··· Source data

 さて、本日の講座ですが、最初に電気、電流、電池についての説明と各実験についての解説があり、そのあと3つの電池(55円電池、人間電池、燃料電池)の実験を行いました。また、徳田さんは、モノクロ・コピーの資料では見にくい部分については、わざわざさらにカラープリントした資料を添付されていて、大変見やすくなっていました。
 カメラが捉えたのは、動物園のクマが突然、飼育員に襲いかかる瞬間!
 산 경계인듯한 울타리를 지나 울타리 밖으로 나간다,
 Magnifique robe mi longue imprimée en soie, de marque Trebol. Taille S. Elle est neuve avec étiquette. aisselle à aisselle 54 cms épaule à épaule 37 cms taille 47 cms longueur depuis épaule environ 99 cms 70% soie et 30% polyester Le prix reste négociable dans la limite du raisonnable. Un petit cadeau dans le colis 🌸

······
··· Source data

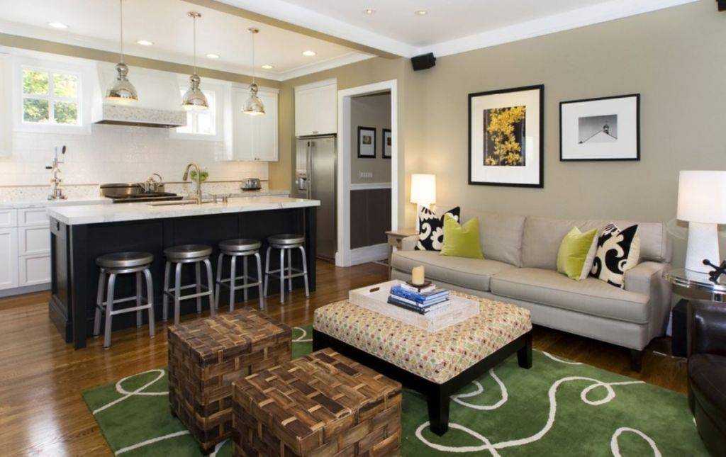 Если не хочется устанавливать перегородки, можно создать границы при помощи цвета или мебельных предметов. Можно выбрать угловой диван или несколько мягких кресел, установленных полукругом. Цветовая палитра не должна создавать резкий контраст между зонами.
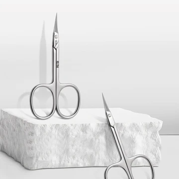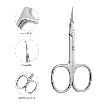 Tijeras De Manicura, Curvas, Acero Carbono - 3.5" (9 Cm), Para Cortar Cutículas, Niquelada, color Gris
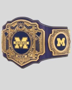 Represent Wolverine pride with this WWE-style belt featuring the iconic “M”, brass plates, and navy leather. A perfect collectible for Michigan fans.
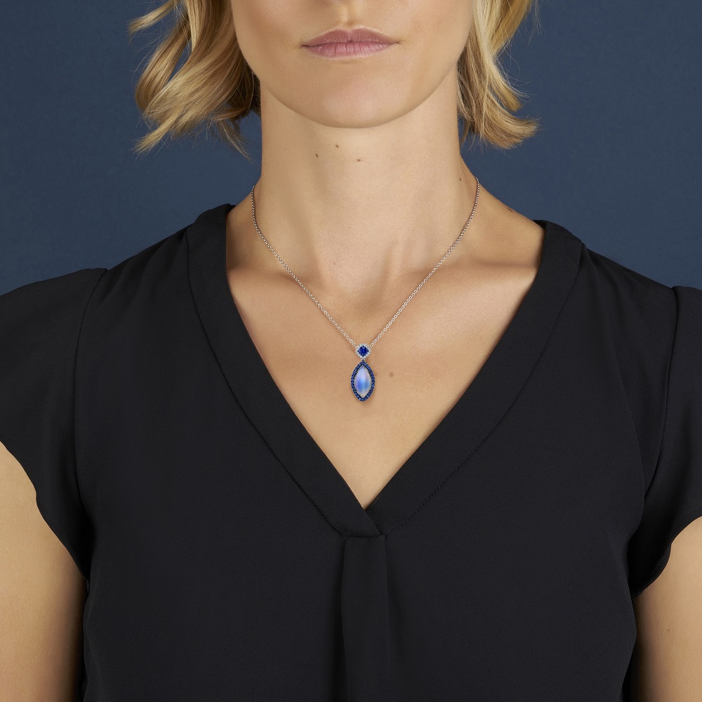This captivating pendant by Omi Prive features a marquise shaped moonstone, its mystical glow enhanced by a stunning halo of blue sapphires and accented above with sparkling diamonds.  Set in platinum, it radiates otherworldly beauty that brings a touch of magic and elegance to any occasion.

······

What the task requires — Write down again, exactly as given, only the lines above that fall from the line with "さて、本日の講座ですが、最初" to the line with "Magnifique robe mi", inclusive.

Response —
 さて、本日の講座ですが、最初に電気、電流、電池についての説明と各実験についての解説があり、そのあと3つの電池(55円電池、人間電池、燃料電池)の実験を行いました。また、徳田さんは、モノクロ・コピーの資料では見にくい部分については、わざわざさらにカラープリントした資料を添付されていて、大変見やすくなっていました。
 カメラが捉えたのは、動物園のクマが突然、飼育員に襲いかかる瞬間!
 산 경계인듯한 울타리를 지나 울타리 밖으로 나간다,
 Magnifique robe mi longue imprimée en soie, de marque Trebol. Taille S. Elle est neuve avec étiquette. aisselle à aisselle 54 cms épaule à épaule 37 cms taille 47 cms longueur depuis épaule environ 99 cms 70% soie et 30% polyester Le prix reste négociable dans la limite du raisonnable. Un petit cadeau dans le colis 🌸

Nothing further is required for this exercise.